After 1km downhill, the track levels and bends right (east). Turn down left, between clear-fell (right) and mature trees soon for felling (left), to Halfmark Burn. Turn briefly downstream to crossbelow the Cleugh of Alraith (small gorge), and turn back upstream on a rough quad-bike track for 300 metres to the head of the cleugh, with a small waterfall.

Turn uphill, over very rough grassland, to gain the moorland crest, where the going is more comfortable. Cross a slight rise at the 350m contour, then head up the face of Cairnsgarroch, spotted with boulders.Approaching the summit, reach a cairn (Shepherd’s Cairn) and wall, with Cairnsgarroch summit cairn just beyond.

Follow the wall, with path alongside, down across a wide col, and quite steeply up Meaul. The wall ends 70 metres northeast of Meaul trig point.

A faint quad-bike path (and a small people-path) runs south along most of the following ridgeline to Meikle Millyea. Leave Meaul roughly southwest, through a long col with a couple of pools, and then go up south, just left of the true crest, onto the spur above Goat Craigs. The well-defined stony ridgeline runs southwest, then south with drops to the left, to the large and ancient cairn on Carlin’s Cairn.

In the years before Bannockburn Robert the Bruce conducted guerrilla warfare through these hills. Legend tells of a night attack at Clatteringshaws, down to the east, where the local farm-wife donated her cattle, with saucepans attached, as an imitation army in the dark. Once he’d become king, the grateful Robert gave her this land, and the cairn commemorates this.

Carlin Cairn’s southern spur, a col, and a rise – all south – lead to the trig point on the plateau of Corserine.The variant route arrives here from the east.


Milldown seen from Corserine, with Loch Dungeon and very distant Criffel

The descent line slants slightly left (south-southeast), and unless Millfire is visible ahead you need a compass (or GPS) line here.

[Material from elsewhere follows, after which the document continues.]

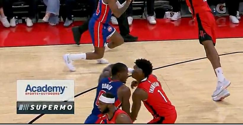 北京時間10月25日,火箭主場VS活塞,這場比賽兩隊的對抗非常激烈,第二節杜倫與阿門發生了衝突,杜倫先是推搡了阿門一把,下一個回合杜倫直接肘擊阿門頭部,裁判看了回放後給了杜倫二級惡意直接驅逐,他成爲新賽季第一個被驅逐的球員。

At 700m level the ridgeline reforms, running south and then southeast, with plantations just below on the right. Keep close to drops on the left for the small path to the cairn on Millfire. The ridge runs level for 800 metres, then rises; above the col a wall crosses, and now walkers have a guiding wall along the ridgeline. The summit cairn of Milldown is out to the left of the wall, above the steep drop to Loch Dungeon.


On Millfire, looking back to Corserine

Wall and path run down through rugged ground to the small Lochans of Auchniebut for the final rise to Meikle Millyea. Arrive at a trig point and large ancient cairn. Harvey mapping has the true summit (749m) at the cairn 400 metres southwest, and it’s a pleasant plateau wander out and back to visit it (also gaining southward views to Loch Dee).